*PROBLEM REQUIREMENTS*:
Transcribe, starting at the line with "开展主题教育活动,邀请学校党" and ending at the line with "تثنية خوّ: موضع", every line of the material below exactly, but leave out the pictures and anything outside that span.

*RECORDS TO PROCESS*:
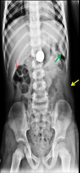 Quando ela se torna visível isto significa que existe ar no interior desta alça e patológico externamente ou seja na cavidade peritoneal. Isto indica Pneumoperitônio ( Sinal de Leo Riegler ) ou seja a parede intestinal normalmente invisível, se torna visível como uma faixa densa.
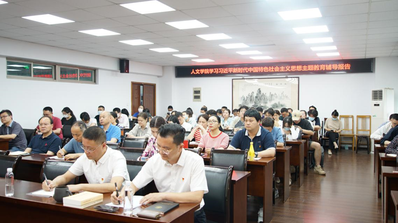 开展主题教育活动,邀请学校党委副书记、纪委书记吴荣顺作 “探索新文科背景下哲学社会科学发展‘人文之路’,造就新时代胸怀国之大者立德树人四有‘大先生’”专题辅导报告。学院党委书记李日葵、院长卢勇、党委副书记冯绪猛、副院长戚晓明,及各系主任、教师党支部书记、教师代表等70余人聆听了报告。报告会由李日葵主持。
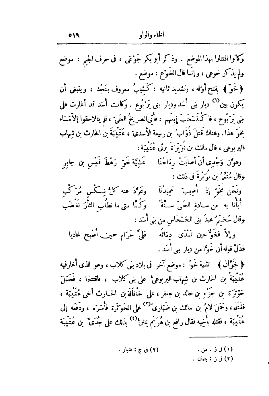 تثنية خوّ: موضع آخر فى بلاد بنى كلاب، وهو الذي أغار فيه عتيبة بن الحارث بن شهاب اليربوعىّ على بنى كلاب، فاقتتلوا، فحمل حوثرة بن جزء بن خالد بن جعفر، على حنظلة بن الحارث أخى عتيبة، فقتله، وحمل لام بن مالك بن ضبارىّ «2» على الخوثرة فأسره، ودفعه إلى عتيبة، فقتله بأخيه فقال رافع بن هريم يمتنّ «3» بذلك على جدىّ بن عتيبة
--
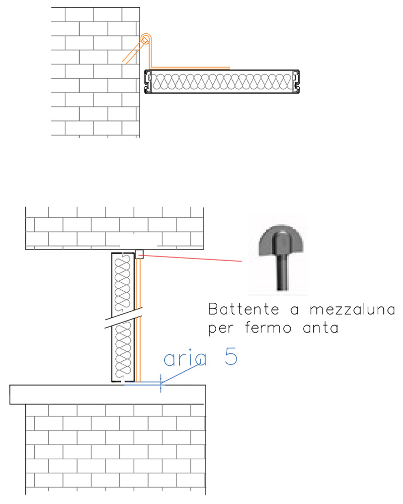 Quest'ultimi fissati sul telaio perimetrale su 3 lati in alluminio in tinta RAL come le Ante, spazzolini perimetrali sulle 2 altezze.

*WRITTEN SOLUTION*:
 开展主题教育活动,邀请学校党委副书记、纪委书记吴荣顺作 “探索新文科背景下哲学社会科学发展‘人文之路’,造就新时代胸怀国之大者立德树人四有‘大先生’”专题辅导报告。学院党委书记李日葵、院长卢勇、党委副书记冯绪猛、副院长戚晓明,及各系主任、教师党支部书记、教师代表等70余人聆听了报告。报告会由李日葵主持。
 تثنية خوّ: موضع آخر فى بلاد بنى كلاب، وهو الذي أغار فيه عتيبة بن الحارث بن شهاب اليربوعىّ على بنى كلاب، فاقتتلوا، فحمل حوثرة بن جزء بن خالد بن جعفر، على حنظلة بن الحارث أخى عتيبة، فقتله، وحمل لام بن مالك بن ضبارىّ «2» على الخوثرة فأسره، ودفعه إلى عتيبة، فقتله بأخيه فقال رافع بن هريم يمتنّ «3» بذلك على جدىّ بن عتيبة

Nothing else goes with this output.